Balancing Genesys Cloud Multi-Skill Queue Assignments with Python and Linear Programming

Balancing Genesys Cloud Multi-Skill Queue Assignments with Python and Linear Programming

What You Will Build

A Python worker that queries real-time agent states, solves a linear programming problem to calculate optimal queue capacities, and applies those capacities via the Routing API to minimize estimated average wait times. This tutorial uses the Genesys Cloud Routing API and scipy.optimize.linprog. The code is written in Python 3.9+.

Prerequisites

  • OAuth 2.0 Client Credentials flow with scopes: routing:agent:view, routing:queue:view, routing:queue:write
  • Genesys Cloud Python SDK v2.0.0+ (referenced for architecture context)
  • Python 3.9+, requests, scipy, numpy
  • Environment variables for GENESYS_REGION, GENESYS_CLIENT_ID, GENESYS_CLIENT_SECRET
  • Target queue configuration mapping queue IDs to skill IDs

Authentication Setup

Genesys Cloud uses OAuth 2.0 client credentials flow for machine-to-machine authentication. The SDK class PureCloudPlatformClientV2 handles token lifecycle internally, but implementing the flow directly with requests provides full visibility into expiration windows and refresh boundaries.
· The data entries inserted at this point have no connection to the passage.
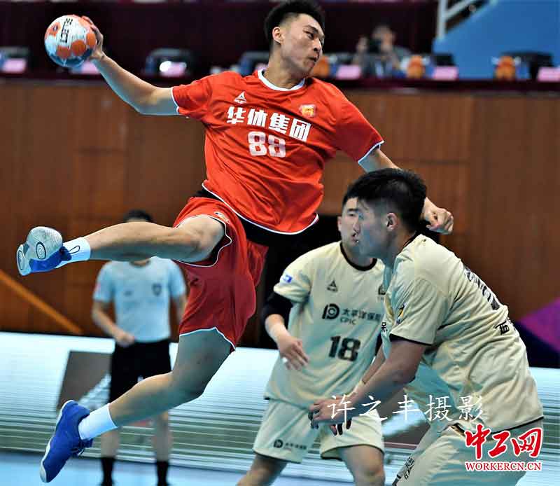 2019年6月28日晚,2019中国男子手球超级联赛在北京光彩体育馆打响,在揭幕战中,华体国家男子手球俱乐部以33比26战胜太平洋保险江苏男子手球俱乐部。华体集团成为了中国国家男子手球俱乐部的冠名赞助商。中国华体队王军程与江苏队赵楠一同当选本场比赛的MVP球员。图为双方的比赛瞬间。工人日报-中工网许之丰摄影报道
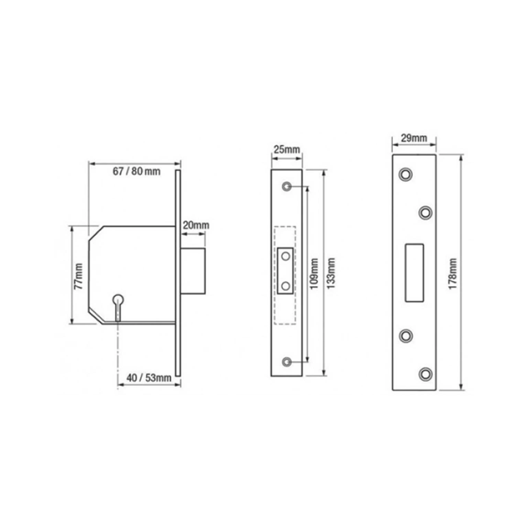 Conforming to BS 3621:2007 requirements, this 5 Lever High-Security Deadlock is a British Standard lock recommended for all external doors as it provides a high level of security. The lock is operated by turn of key and is a Chubb 3G114E Retro-Fit replacement.
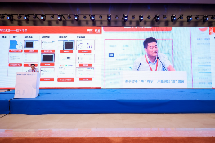 新道科技副总裁郑洪滨围绕“数智技术赋能人工智能教学资源建设 新道科技校级‘理实一体化’教学资源库建设方案”做了主题报告。他介绍,新道科技股份有限公司作为中国领先的数智化人才培养服务提供商,10多年来,新道科技深耕数字教育,致力于“把数智商业融入校园”,持续专注新商科、新工科、社培认证三大领域,规模化培养数智化人才。他指出,在大力推动国家教育数字化战略行动背景下,建设教学资源库,是赋能教师教学,学生学习重要的体现。优秀教学资源库平台,应在多维度赋能教学和学生学习。新道科技推出教学全场景的教学资源库平台——“青椒课堂”,在课后实训、作业考试、教学环节、技能竞赛等方面提供全方位教学服务,在学情方面实现精准分析、个性教学。新道科技打造丰富的人工智能、大数据技术、信息安全、工业互联网等课程资源库,赋能专业教育的教与学。
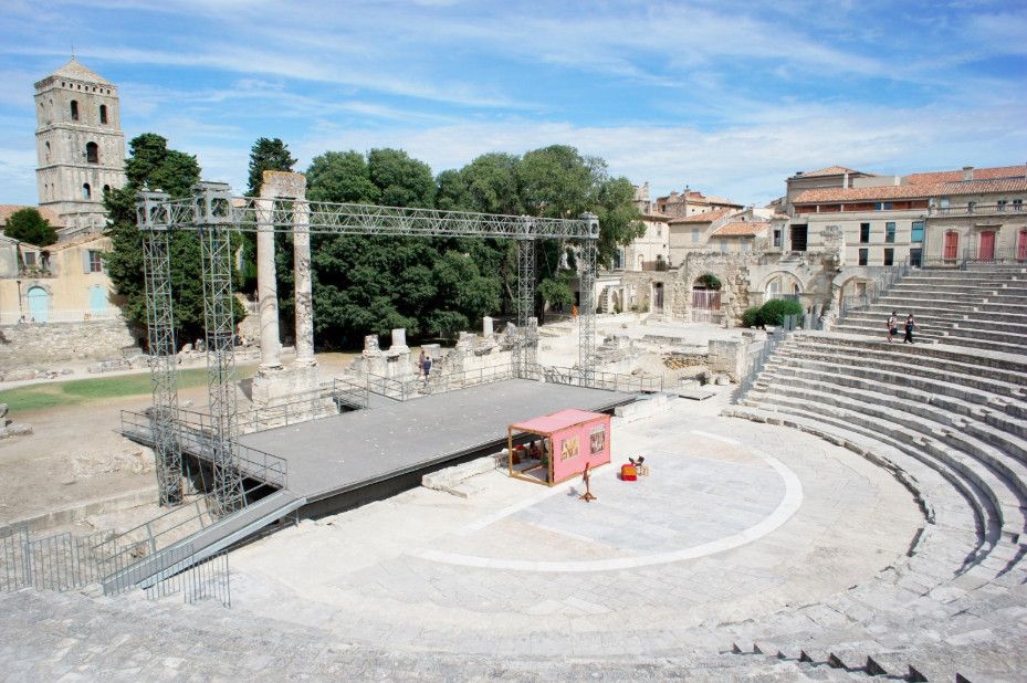 Сцена представляла собой деревянную платформу длиной 50 метров и глубиной 6 метров. Она была богато украшена сотней коринфских колонн и статуями, в числе которых трёхметровая статуя императора Августа (сейчас хранится в Музее Арля) и знаменитая Венера Арлезианская, обнаруженная на руинах театра в 1651 году, отреставрированная по указу Людовика XIV и выставленная сначала в Версале, а затем переданная на хранение в Лувр.

The following class caches tokens and refreshes them before expiration.

import os
import time
import requests
from typing import Optional, Dict, Any

class GenesysAuth:
    def __init__(self, region: str, client_id: str, client_secret: str):
        self.region = region
        self.client_id = client_id
        self.client_secret = client_secret
        self.token: Optional[str] = None
        self.expires_at: float = 0.0
        self.base_url = f"https://{region}.mygenesys.com"

    def get_token(self) -> str:
        if self.token and time.time() < self.expires_at:
            return self.token
            
        url = f"{self.base_url}/oauth/token"
        headers = {"Content-Type": "application/x-www-form-urlencoded"}
        payload = {
            "grant_type": "client_credentials",
            "client_id": self.client_id,
            "client_secret": self.client_secret
        }
        
        response = requests.post(url, headers=headers, data=payload)
        response.raise_for_status()
        
        data: Dict[str, Any] = response.json()
        self.token = data["access_token"]
        self.expires_at = time.time() + data["expires_in"] - 300
        
        return self.token

    def make_request(self, method: str, path: str, **kwargs) -> requests.Response:
        kwargs.setdefault("headers", {})
        kwargs["headers"]["Authorization"] = f"Bearer {self.get_token()}"
        kwargs["headers"]["Content-Type"] = "application/json"
        url = f"{self.base_url}{path}"
        return requests.request(method, url, **kwargs)

Implementation

Step 1: Fetch Real-Time Agent Availability and Skill Mappings

The Routing API exposes user definitions and real-time states on separate endpoints. You must paginate through /api/v2/routing/users to retrieve skill assignments, then fetch bulk states from /api/v2/routing/users/state. The code below implements continuation token pagination and exponential backoff for 429 rate limits.

import time
import json
from typing import List, Dict, Any

def fetch_with_retry(auth: GenesysAuth, method: str, path: str, params: Dict = None) -> requests.Response:
    max_retries = 3
    for attempt in range(max_retries):
        response = auth.make_request(method, path, params=params)
        if response.status_code == 429:
            retry_after = float(response.headers.get("Retry-After", 2 ** attempt))
            print(f"Rate limited. Retrying in {retry_after} seconds.")
            time.sleep(retry_after)
            continue
        response.raise_for_status()
        return response
    raise RuntimeError("Max retries exceeded for 429 response")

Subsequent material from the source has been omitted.